Actually my favorite thing about my computer dying was that I got to walk the streets of Pasadena since I had to park so far away from the Apple store. There is this one homeless man who always sits in the same spot and somehow he was an encouragement to me. I stopped and talked to him once and it brightened my day. I don't know if I'll see him again since I really don't make it a habit of walking the streets of downtown Pasadena, but he's in my thoughts and prayers and in the midst of all the craziness that has been going on in my life he really reminded me of just how blessed I am.

While the end is not in sight for must undergrad students I am halfway through my graduate courses! I have loved these courses BUT my life will be a lot more manageable when they are done. Other things to look forward to are MLB playoffs, a bunch of awesome TCK retreats, more roommate fun, carving pumpkins, decorating the house for Christmas, and having my parents come for Christmas!

Wednesday, September 15, 2010

All Mixed Up

So we're about a week into senior year. It's still weird to be a senior. At senior chapel and in my internship class it feels like freshman year all over again; it's kind of like being in "Beginnings." :) But there's something fun about being with people that you haven't really spent time with since freshmen year. To have a class with my freshman year roommate where we sit next to each other and have the chance to catch up on life. To watch hallmates lead chapel. It's a strange and delightful thing to be the old people on campus.
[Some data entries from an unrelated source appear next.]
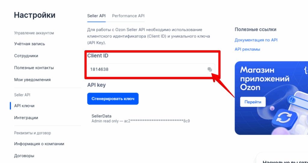 Чтобы подключить API Ozon Seller к Sellerdata также необходимо скопировать клиентский идентификатор (Client ID).
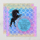 Un unicornio de silueta negra con estrellas coloridas por todas partes sobre un verde azulado fondo de quatrefoil con un borde rosa y purpurina dorado y luego un verde azulado círculo azul con una joya floreciente donde puedes personalizar tu evento. Las vibraciones de las chicas festivas.
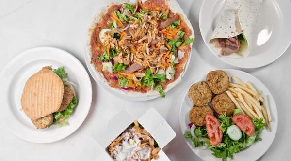 Falafel estaladiço no pão de Donner com ou sem salada.
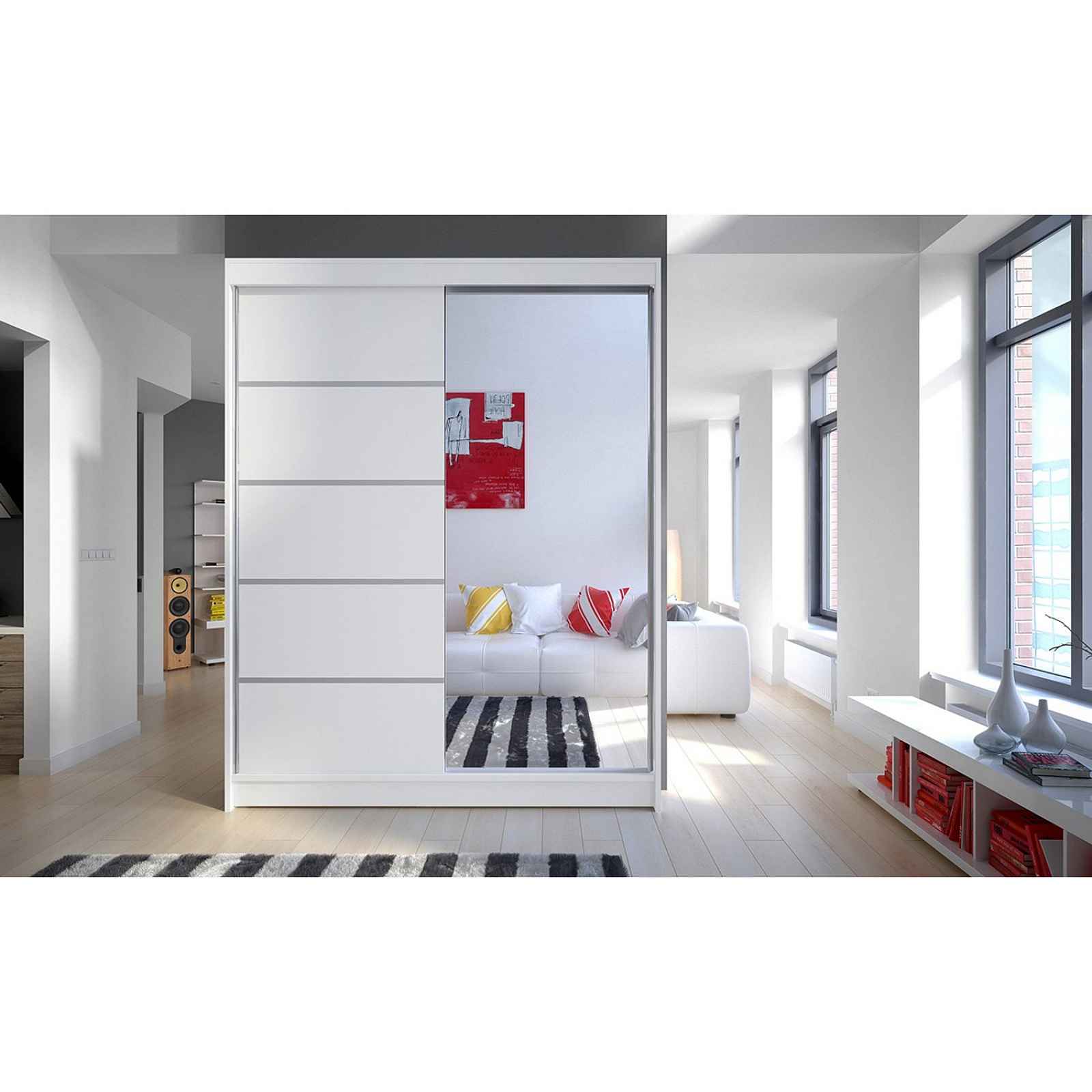 Prostorná šatní skříň Camino III je vyrobena v moderním designu a nabízí velké množství praktického úložného prostoru (viz obrázek). Neocenitelný je systém trendových posuvných dveří se zrcadlem.

But then there's this added dimension of graduate courses. I'm taking two grad level TESOL classes, and I LOVE them. Seriously, it makes me never want to go to another undergraduate class. I love the attitude of the students in class: we are here to learn our vocation not just pass a class. I love that they are only once a week and that even though they are long we get a half hour break to eat dinner and do life a little bit together. I love that they are forcing me to get out into the world of teaching and see if it's really what I want to do. It's scary, all of this added responsibility, but I love it. The down side is that next semester I'll be back to being just a regular old undergrad student. I'm not quite sure if I can do it :)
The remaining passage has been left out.